The US Geological Survey reported that US primary aluminium production in July fell by 11% year-on-year to 57,000 tonnes. Secondary recovered aluminium in July totalled 292,000 tonnes, up 2.1% year-on-year.
The FAO’s World Food Price Index in September
saw its fastest increase in 18 months rising 3.0% from August to average 124.4
points. The FAO cereal index in September also increased by 3.0%, led by higher
wheat and maize export prices. The FAO Sugar price Index saw a 10.4% jump in
September, driven by worsening crop prospects in Brazil and concerns that
India’s decision to lift restrictions on sugarcane use for ethanol production
may restrict export availability. Meanwhile, the FAO All-Rice Price index decreased
by 0.7%, partly reflecting generally quiet trading. The FAO also raised
marginally its forecast for global cereal production in 2024 to 2,853 million
tonnes, with upward revisions to rice and wheat output outweighing a small
reduction to global coarse grains production.
The US
Department of Agriculture’s October forecast updates contained only minor net adjustments
to 2024/25 season export trade forecasts with the biggest swing occurring in rice
estimates following India’s removal of its export ban. Looking across all the
principal commodities (wheat, coarse grains, rice, soyabeans, and soyabean
meal), net changes to the 2024/25 season saw an overall export trade increase
of 0.45 million tonnes, a rise of just 0.06%.
The EU 2024/25
wheat export forecast was marked down by 1.5 million tonnes on a smaller French
crop and a slow pace of exports. This was partially offset by a further 1.0
million tonne rise in the Ukrainian forecast due to a larger crop and strong
exports in the seasonal first quarter. The Ukrainian maize export forecast for
2024/25 was reduced by 1.0 million tonnes while the Russian forecast was
trimmed by 0.5 million tonnes, both due to expected lower crops. However, this
was partly offset by a 0.64 million tonnes upgrade to the US export estimate put
down to lower competition from other major exporters. The big adjustment to
2024/25 rice export forecasts was a 3.0 million tonne jump in the Indian
estimate based on increased sales to Africa and Asia following the removal on
the non-basmati rice export ban. This was partially offset by minor reductions
in expected shipments from Pakistan, Thailand and Viet Nam. There were no
significant changes to the USDA’s 2024/25 export forecasts for soybeans and soyabean
meal.
Australia’s
weather bureau said the likelihood of a La Nina weather event in coming months
has decreased and, if it did appear, it would be weak and short-lived. La Nina
is typically linked to increased rainfall in Australia, Southeast Asia and
India and reduced rainfall in North and South America. Meanwhile, the US
government forecaster said there is a 60% chance of a La Nina weather
conditions emerging in September-November, and they are likely to persist
through January-March next year.
A 24-hour
strike by transportation unions opposing government austerity measures at the
end of October blocked ships docking or departing Argentine grain ports.
Bangladesh’s
agriculture ministry has estimated that recent floods have destroyed 1.1
million tonnes of rice leading to soaring prices and prompting a ramp up in
imports. The ministry is acting to import 500,000 tonnes of rice and is
expected to permit private sector imports soon.
Brazil’s
crop agency Conab has estimated the country’s total
2024/25 maize crop at 119.74 million tonnes, up 3.5% from the previous season.
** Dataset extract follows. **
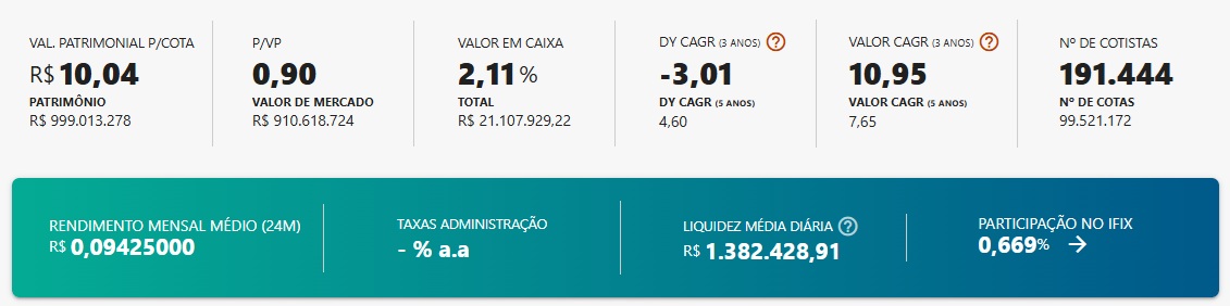 Atualmente a rentabilidade do fundo está em 1,09%, já que o último provento pago foi de R$ 0,10 e o valor da cota está em R$ 9,15. Nos últimos 12 meses o yield tem ficado em 12,34%.

This contrasts with the most recent USDA crop estimate which is 6% higher at
127 million tonnes. The difference is important for export trade, as the USDA
has 2024/25 maize exports up 6% on the previous season, while Conab has exports down 5%. When it comes to soybeans, the
difference is smaller. Conab has the 2024/25 soybean
crop at 166 million tonnes while the USDA latest estimate is 169 million
tonnes.
Following on
from last month’s report of drought conditions in the Amazon region impacting
grain shipments out of Brazil’s northern ports, the region’s largest port
Manaus reported in early October that its water level had fallen to a 122-year
low.
The EU has
U-turned on its impending regulations banning commodity imports linked to
deforestation and is now offering to delay implementation by a least a year.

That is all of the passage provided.